Shotts described Martha as needy and afraid of reality. “To others, she seems fine; but there are cracks and, beneath the surface, she’s a mess,” said Shotts. “She loves George deep in her heart, but circumstances have twisted it around. I love playing her. She has such an incredible arc – showing her childhood without a mother, to her young adult life when she had high hopes, to when reality smashed her in the face.”
“Martha hasn’t been able to forgive herself or George for where they landed, and that’s so much fun to play,” continued Shotts. “She’s such a rich character. Both George and Martha are damaged, but it’s easier for them not to acknowledge that, even between themselves. It’s an astounding play – the writing, characters and trajectory – and every character has a journey.”
Mike Rudden plays Nick. “He’s a young, arrogant, college professor – an alpha male with a trophy wife and nice job – trying to make something of himself,” said Rudden. “And you can see how the seeds of George and Martha’s problems and dysfunction are beginning in Nick and Honey.”
He said it’s a difficult role in a challenging play. “The conversational dialogue is tough to memorize, and the character relationships and dynamics are intense and real,” said Rudden. “The play reads as modern as any contemporary piece of drama; it was really ahead of its time. And the staging will be close and intimate, making the audience feel as if they’re in the living room with the characters.”
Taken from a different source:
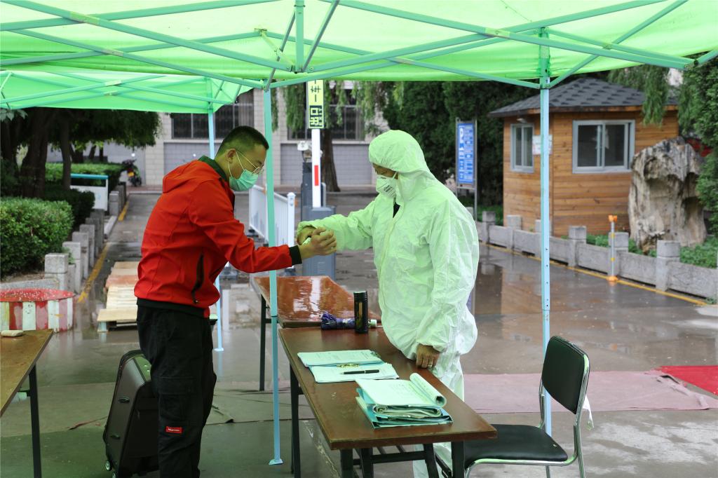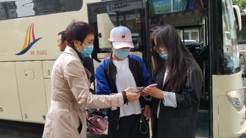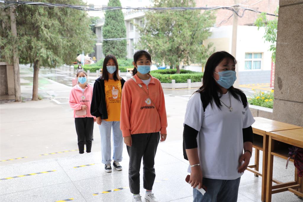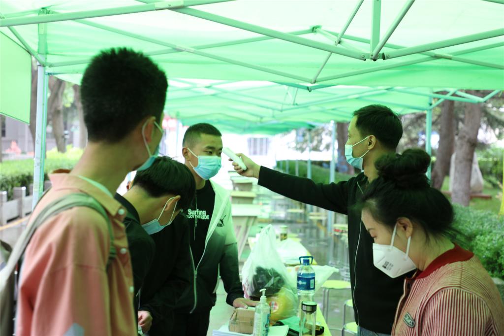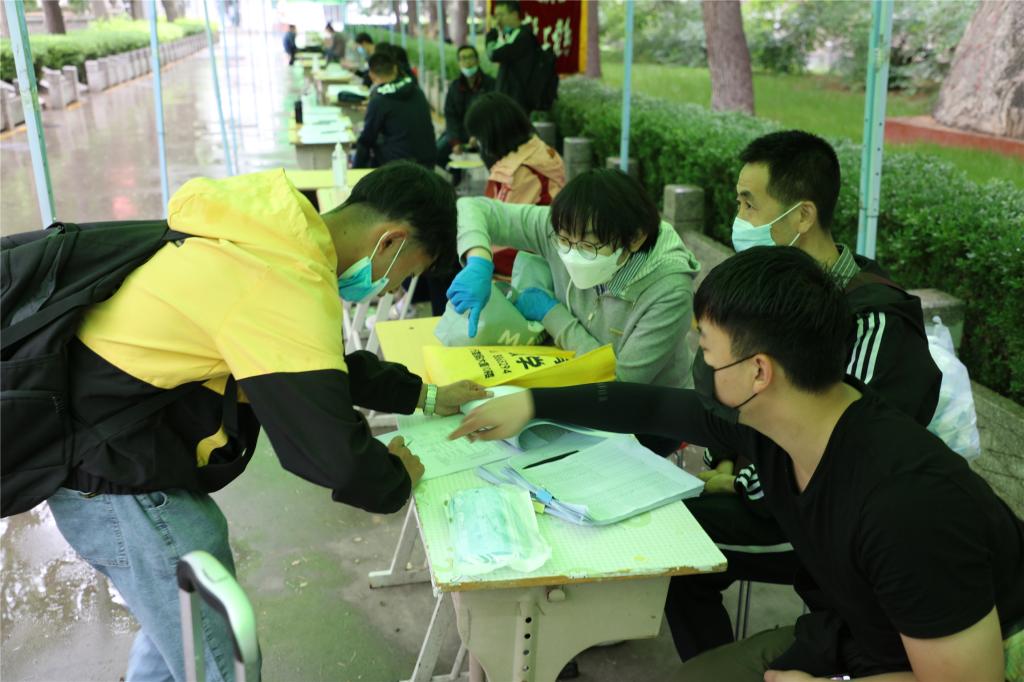 同学你从哪里来?返校健康二维码是否填写?请同学们依次排队,间隔1.5米,这是学院为你们准备的口罩。暖心的举措和问候让同学们一入校就感觉到学院给予的温暖。

Portraying Honey is Stephanie Ramsey. “She wants to come off as the perfect wife,” said Ramsey. “But as her anxieties and inner demons come out and manifest themselves in alcoholism, we see her devolve onstage. And we learn she’s actually a broken person.”
“She’s let her relationship with Nick define her and has quashed the things she really likes, such as dancing,” continued Ramsey. “She’s just an appendage of him. Honey also has a warped sense of sexuality – which contrasts with Martha, who’s such a commanding presence.”
OVERALL, she said, “This play has incredible actors with amazing energy. We’ve even developed our characters’ back stories to fill in any questions Albee leaves. I love my role because I get to bare everything onstage and go through all the extremes of emotions, from polished to hysterical. The audience will almost feel like they’re invading something that should be private.”